Masked point modeling (MPM) has gained considerable attention in self-supervised learning for 3D point clouds. While existing self-supervised methods have progressed in learning from point clouds, we aim to address their limitation of capturing high-level semantics through our novel attention-guided masking framework, Point-AGM. Our approach introduces an attention-guided masking mechanism that selectively masks low-attended regions, enabling the model to concentrate on reconstructing more critical areas and addressing the limitations of random and block masking strategies.

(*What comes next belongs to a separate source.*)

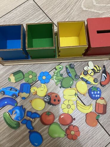 - Развитие мелкой моторики: бросаем фигурки через прорези, открываем/закрываем коробочки.
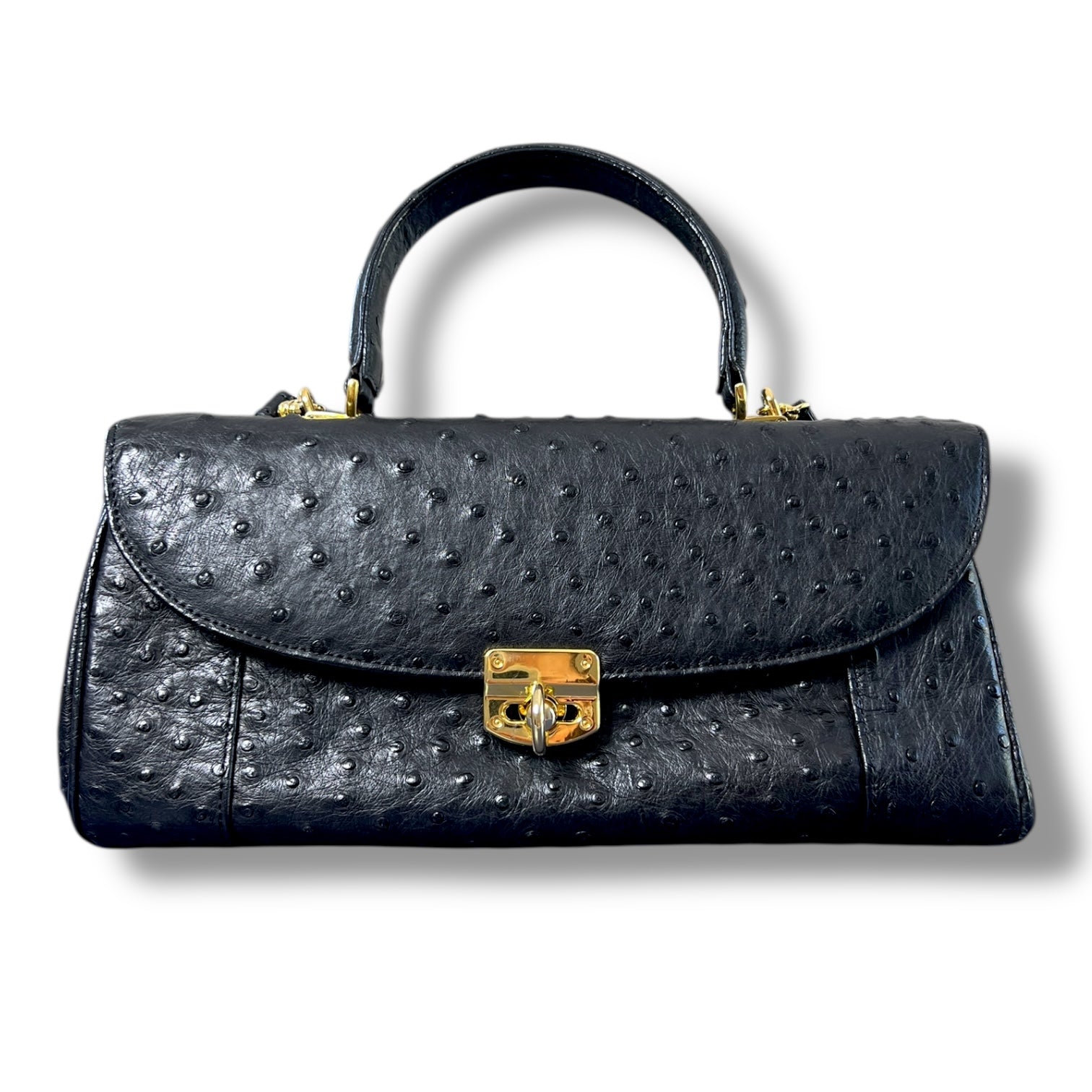 A striking vintage ostrich leather east–west bag in classic black, defined by its long, elegant silhouette and that unmistakable dotted quill texture that only genuine ostrich leather can offer. Sleek, structured, and beautifully proportioned, this is the kind of bag that feels intentional the moment you pick it up.

Furthermore, we exploit the inherent advantages of the teacher-student network to enable cross-view contrastive learning on augmented dual-view point clouds, enforcing consistency between complete and partially masked views of the same 3D shape in the feature space. This unified framework leverages the complementary strengths of masked point modeling, attention-guided masking, and contrastive learning for robust representation learning. Extensive experiments have shown the effectiveness of our approach and its well-transferable performance across various downstream tasks. Specifically, our model achieves an accuracy of 94.12% on ModelNet40 and 87.16% on the PB-T50-RS setting of ScanObjectNN, outperforming other self-supervised learning methods.

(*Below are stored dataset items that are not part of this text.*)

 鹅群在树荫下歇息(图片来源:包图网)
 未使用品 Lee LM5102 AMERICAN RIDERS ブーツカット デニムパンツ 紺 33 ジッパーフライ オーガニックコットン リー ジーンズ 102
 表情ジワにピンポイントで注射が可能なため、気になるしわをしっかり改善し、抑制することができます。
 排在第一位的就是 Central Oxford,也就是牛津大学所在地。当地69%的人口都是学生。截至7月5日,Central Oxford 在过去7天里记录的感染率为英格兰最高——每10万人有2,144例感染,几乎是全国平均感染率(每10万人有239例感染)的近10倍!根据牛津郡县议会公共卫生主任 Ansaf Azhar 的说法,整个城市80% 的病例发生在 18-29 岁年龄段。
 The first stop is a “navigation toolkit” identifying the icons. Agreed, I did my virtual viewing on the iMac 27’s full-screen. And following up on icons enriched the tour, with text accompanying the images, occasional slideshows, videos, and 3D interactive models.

点-AGM:用于点云联合自监督学习的注意力引导掩码自动编码器
掩蔽点建模(MPM)在三维点云的自监督学习中获得了相当大的关注。虽然现有的自监督方法在点云学习方面取得了进展,但我们的目标是通过我们新颖的注意力引导屏蔽框架 Point-AGM 解决它们在捕捉高层语义方面的局限性。我们的方法引入了一种注意力引导遮挡机制,可选择性地遮挡低注意力区域,使模型能够集中重建更关键的区域,并解决随机和块状遮挡策略的局限性。此外,我们还利用师生网络的固有优势,在增强的双视角点云上进行跨视角对比学习,确保特征空间中同一三维形状的完整视角和部分遮挡视角之间的一致性。这一统一框架充分利用了遮蔽点建模、注意力引导遮蔽和对比学习的互补优势,实现了稳健的表征学习。广泛的实验证明了我们方法的有效性及其在各种下游任务中的良好转换性能。具体来说,我们的模型在 ModelNet40 上达到了 94.12% 的准确率,在 ScanObjectNN 的 PB-T50-RS 设置上达到了 87.16%,优于其他自监督学习方法。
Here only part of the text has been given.